At the end of every day, O’Dell’s chore wheel for cleaning the classroom gets used.
“We all participate in taking care of our space,” notes O’Dell, with students sweeping, putting things away, polishing desks, and neatly lining up the waterproof boots each student needs for wearing on the farm.

At the beginning and end of each day, O’Dell shakes each child’s hand, with a polite exchange and eye contact. She also shakes hands with any parents arriving to pick up students. (Carpools thrive at Sunfield, which has no transportation service.)
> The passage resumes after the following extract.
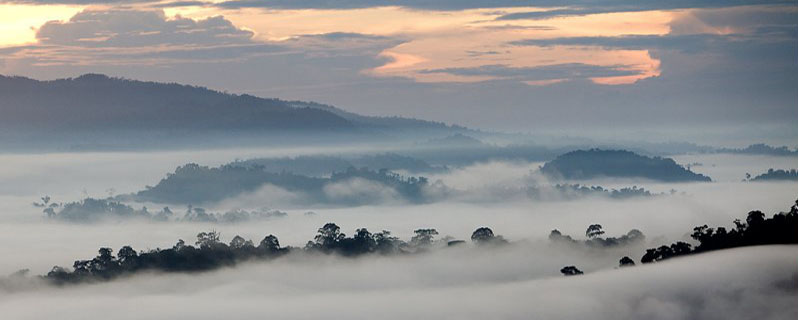 着生とCAM植物 胡蝶蘭は着生植物であり樹幹の表皮に根を張って成長します。着生植物は他の植物を支持木にするものの寄生植物とは異なり、支持木から養分を奪うことはしません。着生蘭はラン菌(カビの一種)と共生し、ラン菌は蘭の根の細胞にラン菌根を形成します。蘭は光合成により生成した炭水化物(糖分)を菌に与え、菌は酵素によってその糖を分解し窒素化合物(窒素、リンが主体)を生成し、その無機栄養分を蘭がもらうといった共生が考えられています。胡蝶蘭は光合成による有機物(炭水化物、ビタミンなど)を自分で生成する点において寄生植物とは異なります。胡蝶蘭はそのほとんどが樹枝に着生しますが、一部の胡蝶蘭(P.sumatrana, P.lowii, P.cornu-cerivi, P.cochlearis Aphyllae亜属など)は岩(石灰岩)の上に、またオーストラリアの一部のP.amabilisは地上にも見られるそうです。熱帯雨林の中にあって、つる性植物が絡んだ苔むした岩や、石灰岩の崖なども多く見られ、これらに着生しているものと思われます。しかし岩の隙間や、地中に根を下ろした生態は僅かです。また根は気根として常に空気に触れていることが必要で、根が長期間浸水状態にあったり、空気の流れがなければ腐敗し生存ができません。 樹幹に着生する植物は特に乾季にあっては、長期間の水分ストレス(不足)にさらされることになります。このような生息状況の中で温度が高く、湿度が低下する昼間に気孔を開いて炭酸同化作用を行えば、多量の水分を葉から蒸散させることになり一層水分が不足しダメージを受けます。これを避けるため夜間の低温多湿時に気孔を開いてCO2を取り込み、CO2を一旦リンゴ酸として葉肉細胞内の液胞に貯蔵し、昼間にこのリンゴ酸を再びCO2に還元するとともに、太陽光を利用して光合成を行い、炭水化物を作り出し酸素を放出します。この光合成プロセスをもつ植物をCAM(Crassulacean Acid Metabolism)植物と呼び、カトレア、レリア、バンダもこのグループの1属です。これに対して地生蘭であるPaphiopedilum、リカステ、シンビジウム属はC3型とされ、昼間にCO2を取り込み直ちに光合成を行う点でCAM植物とは異なります。すなわち胡蝶蘭は、主として地中から水分を補給できるC3植物とは異なり、水分不足から身を守るため、葉からの水分蒸発を押さえる特性を身につけるに至った相当進化した植物と考えられます。 ![]() ボルネオ島朝霧遠景 © Bent Christensen しかし、沼や川を囲む低地熱帯雨林地帯に薄葉から中厚の葉をもつ多くの胡蝶蘭が生息し、この環境では昼夜を問わず常時高温多湿であり、たとえ水分供給量では地生植物とは比較にならないとしても、必ずしも夜に呼吸をしなければならない必然性がないように思えます。その視点に立つと、胡蝶蘭がCAM植物に進化した背景には、着生であるが故の耐乾燥性という理由だけではなさそうです。 この疑問に対しては、植物が密生する樹林内で、すべての植物が同時に光合成を行えばCO2不足となり、これを避けるため一部の植物が競合の少ない夜間にCO2を取り込む機構に進化したのだと言う説があります。 地上での生存競争を避けて樹幹に生息の場を見出し、その結果として乾燥に耐えるCAM植物に進化すると共に、湿気のある地帯に広がった一部は薄葉となり、またより環境の厳しい地域の一部が厚葉に変化していったのではないかと推測されます。葉の形態だけからもいろいろと想像することができ興味のあるところです。 以上のように胡蝶蘭野生種は多様な環境に生息し、その地域気候から生育特性は下記の3つのグループに分けられます。

After school, O’Dell takes a breath, then is usually off to a school meeting— board, finance, or faculty. She has been a member of the Sunfield board for three years, and attends weekly faculty meetings.  She continues on the Finance Committee but has recently cut back on other school committee memberships to make more room in her life for things beyond school.

“I love Sunfield and Waldorf education, but my opinions don’t need to be everywhere, and I can take some time for other things,” she notes.

Back at home, O’Dell gets dinner ready while her daughter does the evening farm chores. They eat together, and then after dinner she spends the two to three hours before bed correcting papers and getting ready for the next day.

“If I’m not in bed by 9 or 9:30 I suffer, and everyone around me does, too,” she notes.

It’s a great life, one she wouldn’t trade for any other.

As a young mother, O’Dell lived on a tiny tropical island in the Pacific. She worked on the Pine Ridge Indian Reservation in South Dakota. She has followed her calling to be a Waldorf teacher. Now, she feels lucky to be on the beautiful and special land where she lives and works.

Her days are full; this is the best place yet.